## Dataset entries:

------------

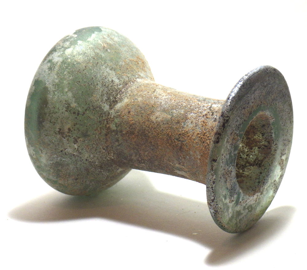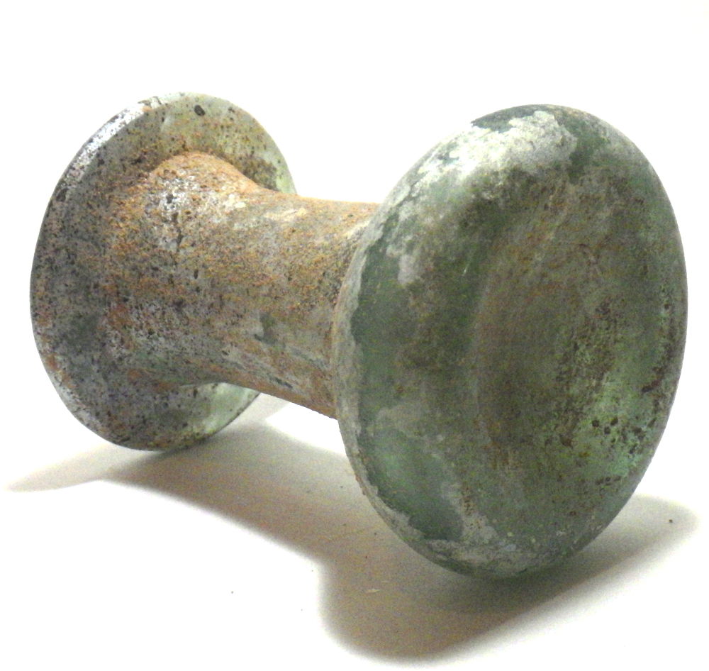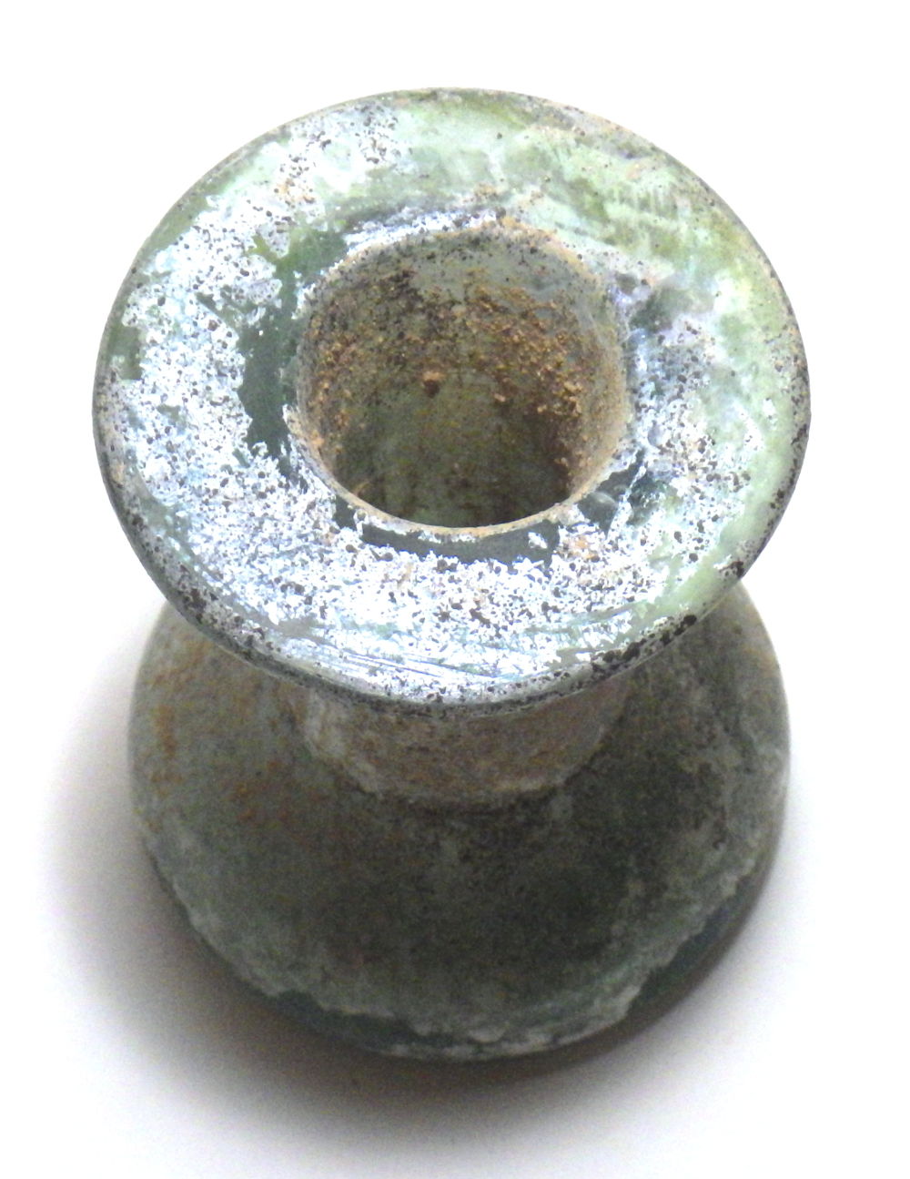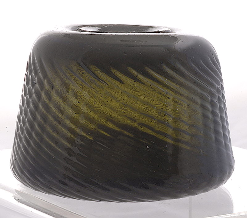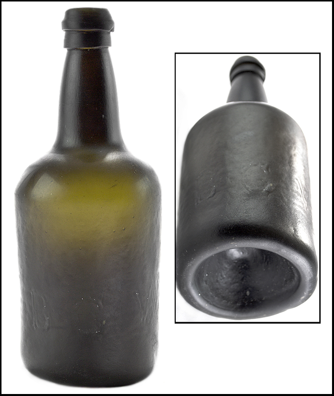 The early bottle pictured to the left, which is blob seal dated at 1727 (click 1727 seal to see a close-up of the seal), is heavily - and beautifully - patinated from several centuries of burial. It also, upon close inspection of the image (click image to enlarge), displays what appears to be swirling "straw marks" imbedded in the patination (see the straw marks discussion earlier on this page). This is an English bottle that is referred to as an "onion" bottle based on the squatty, bulbous shape. This bottle was free-blown, has an applied "string rim" type finish, and a sand or disk type pontil scar (click base view to see the bottle base). This style is briefly covered on the Liquor/Spirits Bottle Typology page, although it pre-dates the coverage time range of this website. (Photos from eBay®.)
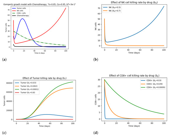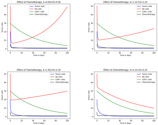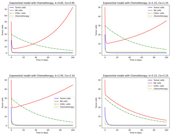 Figure 3 presents the effect of chemotherapeutic drugs on cell populations under exponential growth. Tumor and immune cell dynamics were examined for , , , and with decay rates , , , and , respectively. In the first case, with and , tumor cells are completely eliminated while natural cells remain unaffected. NK cells decline initially but later recover due to drug influx. Such a situation is unlikely because realistically, at the initial stage, the whole tumor has been eradicated. Although tumor cells are eliminated, the treatment also affects healthy cells. At higher values, such as , both tumor and immune cell populations decrease sharply. In severe cases, NK cells are entirely eliminated, indicating host mortality. Increasing from to , , and produces marked changes in tumor and immune cell behavior, as shown in Figure 2 and Figure 3, where and . These results demonstrate that chemotherapy consistently destroys tumor cells but also damages healthy cells. A comparison of Figure 2 and Figure 3 shows that drug effects on healthy cells are less pronounced under logistic growth, while exponential growth leads to greater impairment. Thus, the logistic growth model yields more favorable outcomes than exponential growth for the same parameter values.
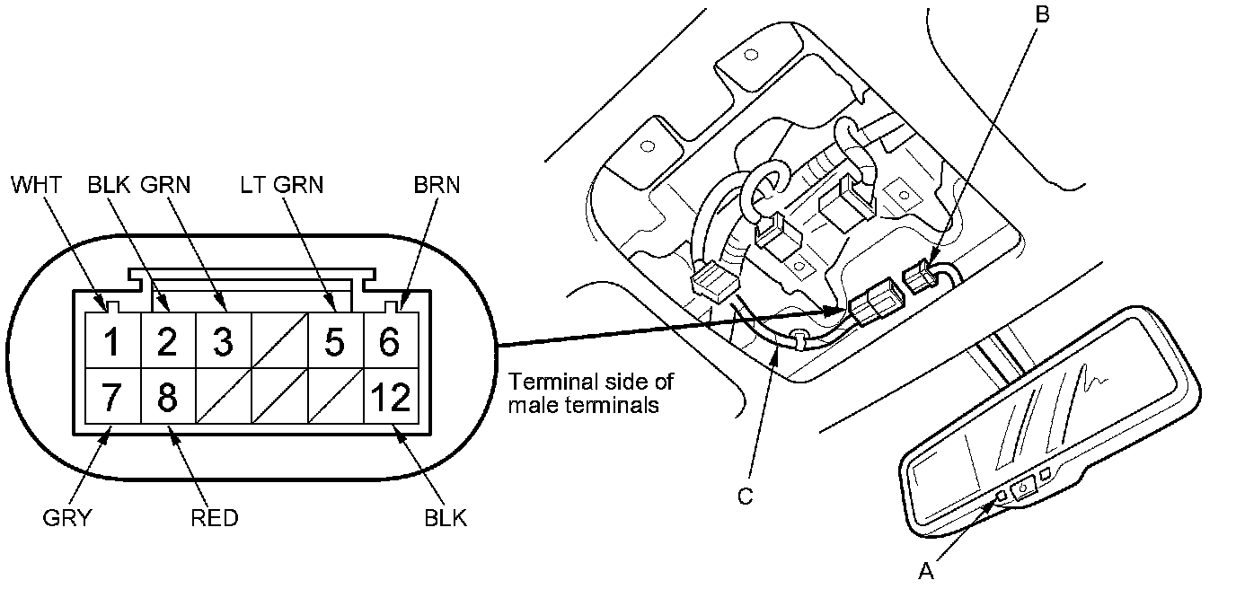 5. Disconnect the 12P connector (B) from the roof wire harness (C).
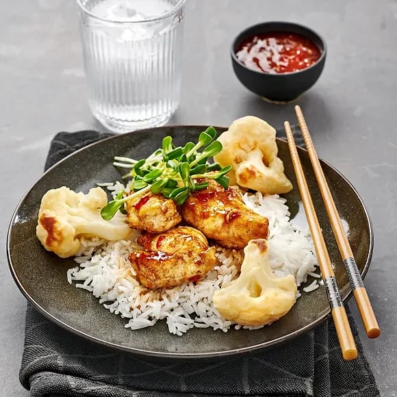 Sötstark kyckling med krispig blomkål
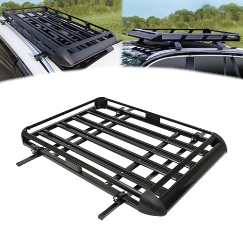 127 x 97 cm takräcke med korg, aluminium bagagehållare 150 pund kapacitet, bagage, lasthållare, relinghållare med barer, universell bil takräcke
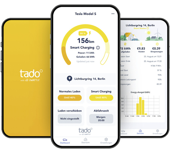 Das Unternehmen Tado bietet intelligentes Laden (Smart Charging) für E-Autos an der heimischen Ladestation. Die App nutzt die volatilen Preise an der Strombörse und plant den Ladevorgang zu Hause automatisch in Zeiten mit niedrigen Energiepreisen – ganz gleich, wann das E-Auto an die Wallbox angeschlossen wird. Haushalte können so durchschnittlich 30 Prozent der jährlichen Ladekosten für Elektrofahrzeuge einsparen und gleichzeitig den Ökostromanteil maximieren.
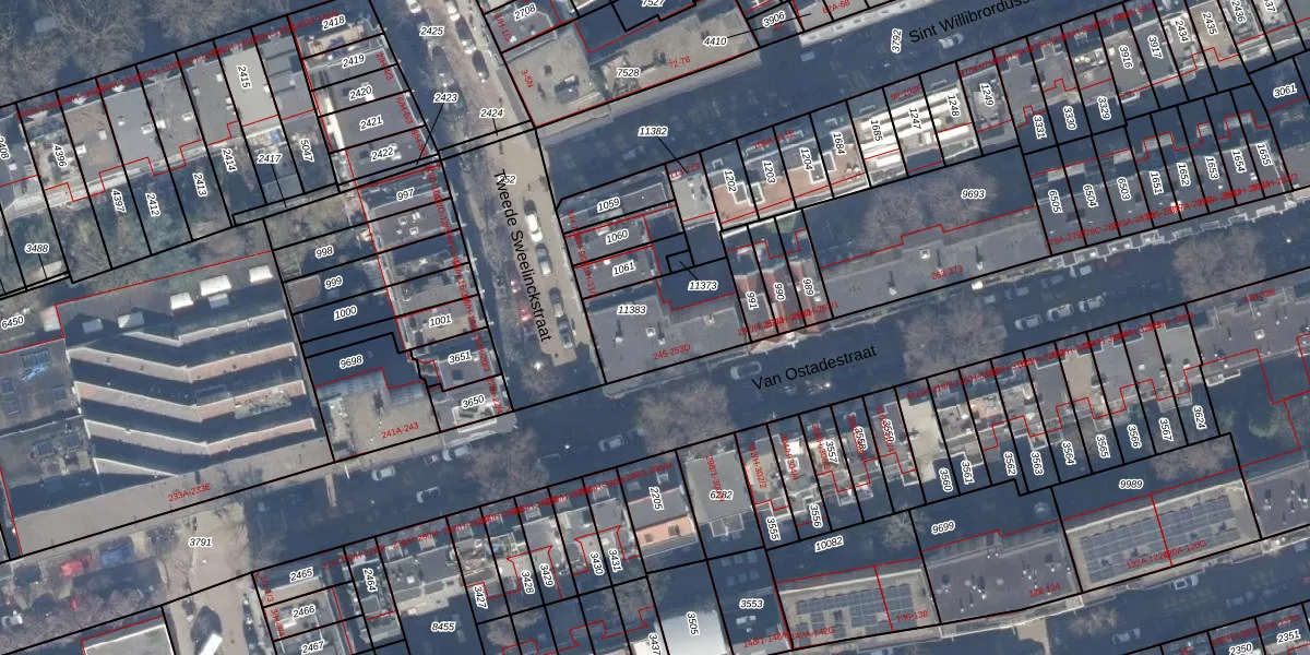 Van Ostadestraat 251-B is gelegen op kadastraal perceel ASD18V11383. Deze kadastrale aanduiding is uniek en wordt gebruikt door het Kadaster om eigendomsrechten en andere zakelijke rechten vast te leggen. Het perceel maakt onderdeel uit van de kadastrale gemeente Amsterdam.
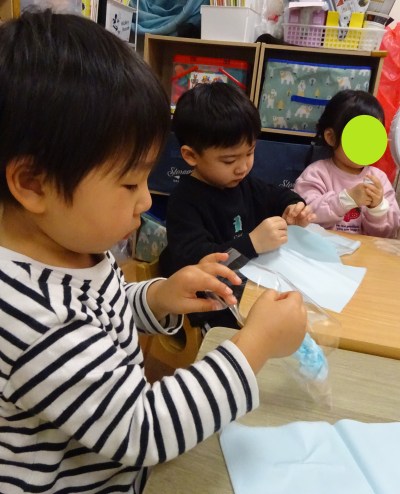 おはながみをクシュクシュしたりビリビリして、ビニールに入れ、
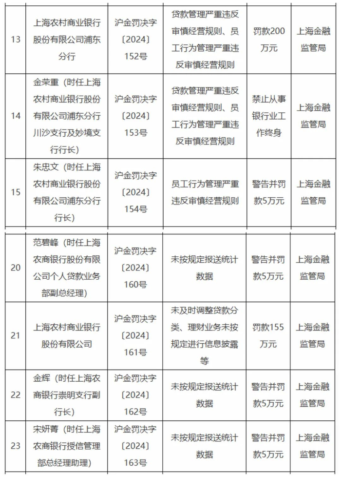 2024年12月10日,沪农商行浦东分行因贷款管理、员工行为管理严重违反审慎经营规则,被罚款200万元。时任浦东分行川沙支行及妙境支行行长金荣重被禁止从事银行业工作终身;时任浦东分行行长朱忠文被警告并罚款5万元。
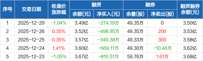 通裕重工:连续5日融资净偿还累计2602.13万元(12-29)
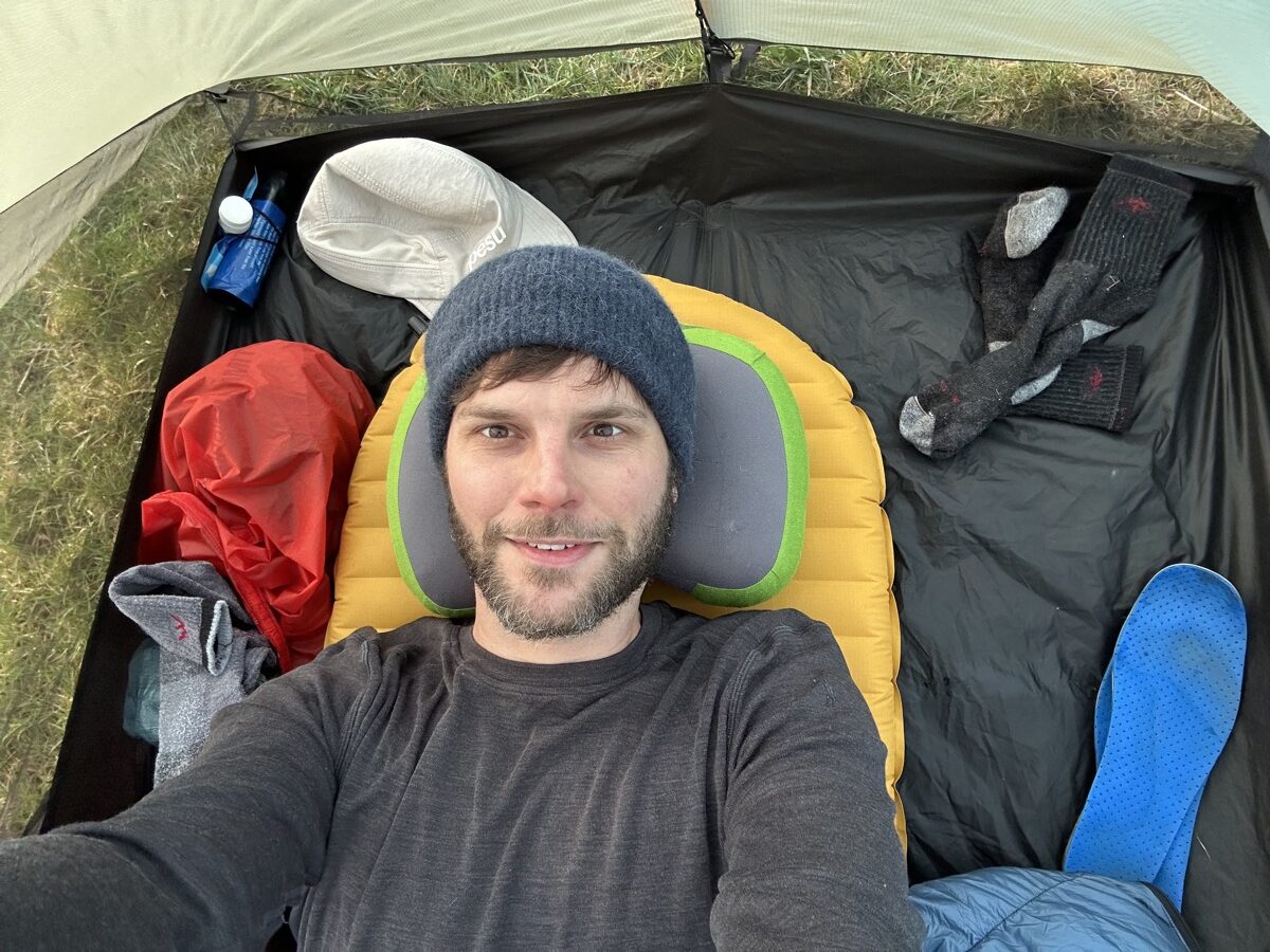 Throughout the night, storms rolled in and out almost like clockwork. Every hour or so the wind picked up, then rain, then sleet, followed by a period of calm. The Tarptent Rainbow handled it without any issues, but I was glad I had picked up a set of MSR Ground Hog stakes before the trip. They are a bit longer than standard stakes and grabbed the soft soil well. I checked the radar during a calm window and decided to pack up before the next storm moved in. I’d rather walk in the rain than pack up in it.
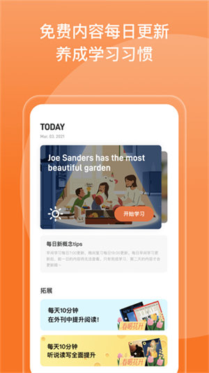 百词斩新概念app是百词斩旗下最新的一款新概念英语学习app,该软件可以帮助英语薄弱的用户全方位解决英语学习的各个环节,通过课前预习、课文带读、生词卡片、录音检测等多维度记忆方式,帮助广大新概念英语学习者轻松快乐高效背单词!其中最出色的当然还要归属于各个环节的合理安排,在百词斩新概念app中,课前预习可以先让用户对今日课程有一个简单的了解,然后再跟读图文并茂且具有同步译文的精选课文来加深印象。

------------

## Work item:
The reply should hold the entries above from the line with "Sötstark kyckling med krispig blomkål" to the line with "おはながみをクシュクシュしたりビリビリして、ビニールに入れ、", duplicated exactly, pictures excluded.

## Your response:
 Sötstark kyckling med krispig blomkål
 127 x 97 cm takräcke med korg, aluminium bagagehållare 150 pund kapacitet, bagage, lasthållare, relinghållare med barer, universell bil takräcke
 Das Unternehmen Tado bietet intelligentes Laden (Smart Charging) für E-Autos an der heimischen Ladestation. Die App nutzt die volatilen Preise an der Strombörse und plant den Ladevorgang zu Hause automatisch in Zeiten mit niedrigen Energiepreisen – ganz gleich, wann das E-Auto an die Wallbox angeschlossen wird. Haushalte können so durchschnittlich 30 Prozent der jährlichen Ladekosten für Elektrofahrzeuge einsparen und gleichzeitig den Ökostromanteil maximieren.
 Van Ostadestraat 251-B is gelegen op kadastraal perceel ASD18V11383. Deze kadastrale aanduiding is uniek en wordt gebruikt door het Kadaster om eigendomsrechten en andere zakelijke rechten vast te leggen. Het perceel maakt onderdeel uit van de kadastrale gemeente Amsterdam.
 おはながみをクシュクシュしたりビリビリして、ビニールに入れ、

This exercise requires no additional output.